▶ **Problem statement**
Set down, word for word, only the lines from the start of the records through the line bearing "THC63LVD823B是可以支持1080p/QXGA像素的Dual Pixel Link"; include no pictures.

▶ **Information given**

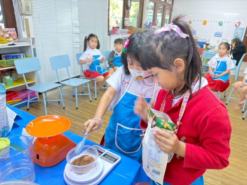 อาร์ตี้และปุณณ์กำลังตวงเนยโกโก้ 150 กรัม โดยสังเกตตัวเลขบนหน้าปัดตาชั่ง
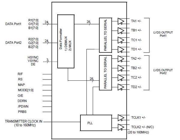 THC63LVD823B是可以支持1080p/QXGA像素的Dual Pixel Link LVDS發送IC。根據廣范圍的時鐘信號,TV信號可對應480p~1080p,PC信號可對應VGA~QXGA。此款芯片適用于LCD TV/監視器。
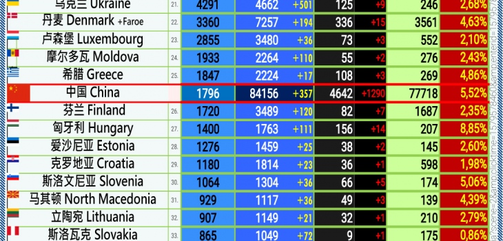 Uncategorised 17.04.2020: COVID-19 新型冠状病毒欧洲疫情表。 暴增: 法国24小时内新增确诊人数为一万七千多(新增死亡753例), 已成为欧洲第一重灾区。 西班牙与英国继续大面积的传播(两国新增确诊都超过五千例)。 中国数据跟新:中国病亡人数增加1290例,现在包括在医院外死亡的患者。官方总数现为4642病亡者。美国继续狂增。 17th April 2020 by Huaxin Admin 40 SHARES 在脸书分享 • Share on Facebook 推特 • Tweet 电子邮件关注 • Follow us Please leave this field empty .: 在这里您可以订阅我们的电子邮件通知。当我们网站上发表新文章时,您将收到一封电子邮件。:. | | .: Here you can subscripe to our email notifications. When a new article is published on our website, you will receive an email. :. .: 订阅是免费的。 所有数据将按照DSGVO进行保存。:. | :: The subscription is free of charge. All data will be saved compliant to DSGVO. :: 电子邮件 | Email Address * We don’t spam! Read our [link]privacy policy[/link] for more info. You’ve been successfully subscribed to our newsletter! 16.04.2020: COVID-19 新型冠状病毒欧洲疫情表。 严峻: 24小时内新增死亡人数: 法国1438,英国861,德国334(记录新高),比利时417。 病毒继续扩散: 法国,英国(突破10万确诊),西班牙,土耳其,德国,荷兰,比利时,爱尔兰,葡萄牙与俄罗斯。 美国一天内病亡六千多人,世界新高纪录。 18.04.2020: COVID-19 新型冠状病毒欧洲疫情表。 病毒在俄罗斯与土耳其加速传播, 英国与法国情况仍然紧张(两国新增死亡超过七百多)。 奥地利(今天)与德国(昨天)突破3%的病亡率, 但现存患者人数继续下降。 西班牙与意大利情况比较稳定。 美国继续狂增。 Huaxin Admin 17.04.2020: COVID-19 新型冠状病毒欧洲疫情表 中国数据跟新:中国病亡人数增加1290例 官方总数现为4642病亡者 已成为欧洲第一重灾区 暴增:法国24小时内新增确诊人数为一万七千多(新增死亡753例) 现在包括在医院外死亡的患者 美国继续狂增 西班牙与英国继续大面积的传播(两国新增确诊都超过五千例) Related articles 23.05.2023: COVID-19 新型冠状欧洲疫情表05.05.2023: COVID-19 新型冠状欧洲疫情表22.04.2023: COVID-19 新型冠状欧洲疫情表11.04.2023: COVID-19 新型冠状欧洲疫情表02.04.2023: COVID-19 新型冠状欧洲疫情表01.04.2023: COVID-19 新型冠状欧洲疫情表30.03.2023: COVID-19 新型冠状欧洲疫情表29.03.2023: COVID-19 新型冠状欧洲疫情表28.03.2023: COVID-19 新型冠状欧洲疫情表26.03.2023: COVID-19 新型冠状欧洲疫情表25.03.2023: COVID-19 新型冠状欧洲疫情表24.03.2023: COVID-19 新型冠状欧洲疫情表
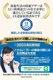 【仕様】・検知方法 振動検知式 ・電源 LR44ボタン電池×3個(内蔵) ・電池寿命 約1年 ・音量 130db ・外形寸法 W51×H64×D9mm ・重量 本体23g ・使用範囲 屋内専用
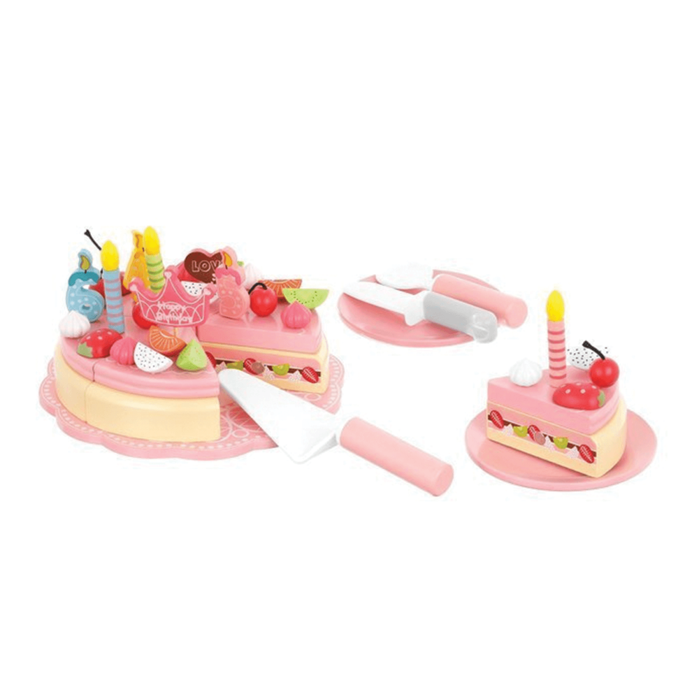 Dřevěný narozeninový dort nabízí dětem možnost uspořádat vlastní oslavu plnou radosti a tvořivosti. Jednotlivé části dortu jsou spojeny magnety, díky kterým je lze snadno rozdělit nožem a znovu spojit. Děti mohou dort ozdobit ovocem, bonbóny, pusinkami i svíčkami a vytvářet pokaždé nový design. Součástí balení jsou také talíře, příbory a další doplňky, které umožňují kompletní „party“ hru. Dřevěné provedení je bezpečné, pevné a příjemné na dotek. Barevné prvky podporují rozvoj představivosti, koordinace rukou i společenských dovedností při hře s kamarády nebo rodinou.

▶ **Answer for the task**
 อาร์ตี้และปุณณ์กำลังตวงเนยโกโก้ 150 กรัม โดยสังเกตตัวเลขบนหน้าปัดตาชั่ง
 THC63LVD823B是可以支持1080p/QXGA像素的Dual Pixel Link LVDS發送IC。根據廣范圍的時鐘信號,TV信號可對應480p~1080p,PC信號可對應VGA~QXGA。此款芯片適用于LCD TV/監視器。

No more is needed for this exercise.